President Erdogan has shown it is no longer in the national security interest of the United States to be allied with Turkey.

Turkey joined NATO in 1952 to prevent the Soviet Union from drawing it into its sphere of influence. At that time, an alliance between Turkey and the West made sense. Today, however, the Cold War and the the Communist threat are no more.

The coup of July 15th must be examined with care. There are two prevailing interpretations of what transpired: One suggests President Erdogan was behind the coup, while the other claims the coup was planned in haste before Erdogan moved ruthlessly against his adversaries. Regardless of which theory is correct, what has transpired since the coup requires little, if any, interpretation.

Arresting thousands of Turkish soldiers, laying off 15,000 education workers, and purging the media and judiciary reveals a single goal: Erdogan wants dictatorial control.

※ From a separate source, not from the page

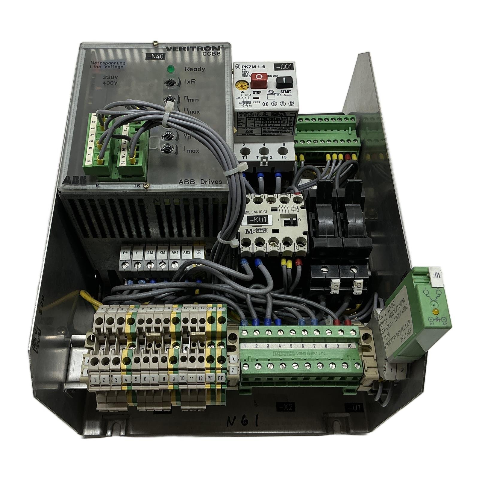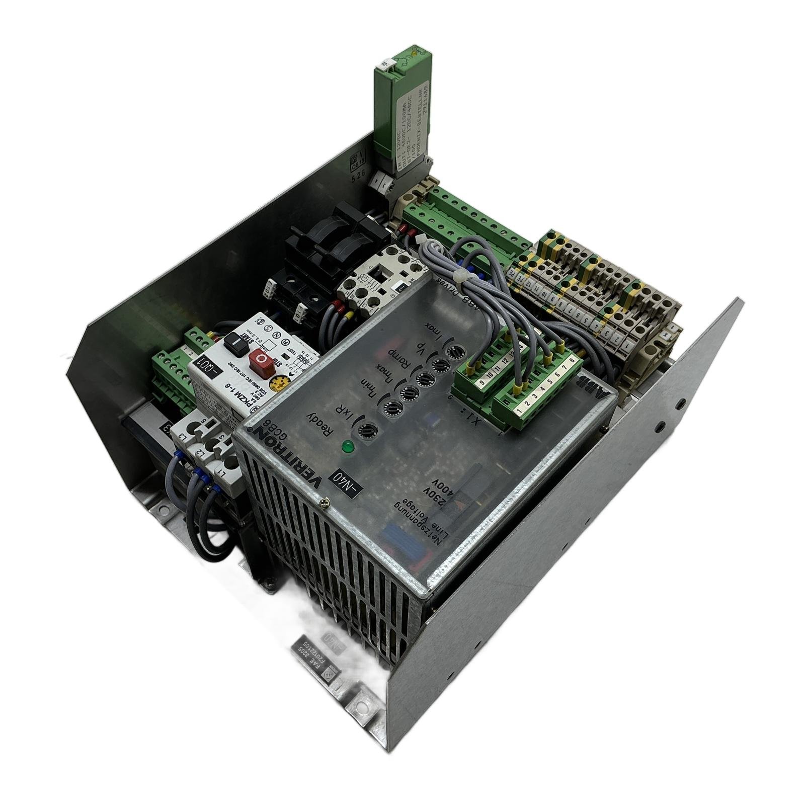 ABB VERITRON GCB6 DC Motor Control Unit Description This is a complete, pre-assembled control unit featuring the robust ABB VERITRON GCB6 DC motor controller. Housed in a durable metal chassis, this assembly integrates essential control components, including a Klockner-Moeller motor protector and contactor, making it a ready-to-install solution for various DC motor applications. It offers analog control over motor parameters such as speed, ramp, and current, ideal for replacing obsolete systems or for new, straightforward installations. Specifications Main Drive: ABB VERITRON GCB6 Input Voltage: Selectable 230V / 400V Motor Protector: Klockner-Moeller PKZM 1-6 (Adjustable 4-6A) Contactor: Moeller DIL M-10 Adjustments: IxR, nmin, nmax, Ramp, Imax Mounting: Metal chassis with terminal blocks for easy wiring Label Info Manufacturer: ABB Drives Primary Model: VERITRON GCB6 Integrated Components: Klockner-Moeller PKZM 1-6, Moeller DIL M-10, Elesta SGR 282 Relay Application Suitable for controlling small-scale permanent magnet or shunt-wound DC motors in applications such as conveyors, mixers, pumps, and other legacy industrial machinery requiring reliable analog speed control. Country of Origin Germany CO2 Impact By purchasing this refurbished assembly, you are helping to avoid the 88.0 kg of CO2 emissions associated with the production of a new one. This saving is comparable to the emissions from driving a standard car for 440 kilometers. Availability This is an obsolete product and is available as a tested, used item. Availability is limited. Order now from profideals for expert support and fast delivery. FAQ What type of DC motor is the Veritron GCB6 designed to control?The GCB6 is an analog, single-phase thyristor drive typically used for controlling permanent magnet or shunt-wound DC motors. It provides a variable DC voltage to control the motor’s speed. How do I switch the input voltage between 230V and 400V?The input voltage selection is typically done by changing the connections on the internal transformer or specific terminals as indicated by a wiring diagram. Always consult the technical manual for this specific model before changing the line voltage to prevent damage. The assembly includes a Moeller PKZM 1-6. What is its function and setting range?The PKZM 1-6 is a motor protection circuit breaker. It provides thermal overload protection (adjustable from 4A to 6A) and short-circuit protection for the connected motor. It acts as the main switch and safety disconnect for the motor circuit. Friday, March 13, 2026 profideals is not an authorized distributor, reseller or representative of the products featured on this website. All product names, trademarks, brands and logos used on this site are the property of their respective owners.

We were warned of this in the past. President Assad of Syria has said that Erdogan thinks “He is the new sultan of the Ottoman [Empire] and he can control the region as it was during the Ottoman Empire under a new umbrella. In his heart he thinks he is a caliph.”

For too long, we have been allied with countries that do not have our best interests at heart. Over time these alliances have come back to haunt us, and they will continue to do so. Whether it be our alliance with the Shah in the 1970s or Saudi Arabia today all of these have resulted in blowback.

President Erdogan has bombed Kurds in Iraq and Syria, Turkish troops have violated the territorial sovereignty of Iraq with relative ease, and Islamist fighters have entered Turkey. All of this works against our national interest.

President Erdogan and Turkey are only interested in their ambition to re-establish the Ottoman Empire.

President Erdogan is a cunning man, and he is playing us for fools. He does not care about the Islamist threat we face; instead, he wishes to oppress the Kurdish community in Turkey, install a friendly Islamist regime in Syria, and make himself the next sultan.

How has he been able to do this? American weaponry and support.

In the past, Turkey was a necessary ally against Soviet Communism, but that necessity no longer exists. One could even suggest that the secular, authoritarian Syrian state is less of a threat to our security than President Erdogan is at this moment.

Some will say disengagement with Turkey is isolationist, but it is nothing of the sort. Instead of hitching ourselves to a tyrannical Islamist regime that does not share our interests or values, we should avoid inflexible, entangling alliances. If we are to truly have a pro-America foreign policy, then it is time to take the advice of Thomas Jefferson:

“Peace, commerce, and honest friendship with all nations…entangling alliances with none.”

2 thoughts on “The Turkish Alliance Has Run Its Course

  1. As I visited Turkey a little over two years ago I was warned by our tour guide who was educated to a high level of the threat that was to come. It has come to pass with the Turks being ruled by a mad man. He will cause much harm to the area and as I saw the hearts of the Turks are not with him. They are good people who I hope will rebel this tyranny.


  2. I’m pleased to know that there are “millennials” who are willing and able to think about and work to solve the political challenges that face our country and our world.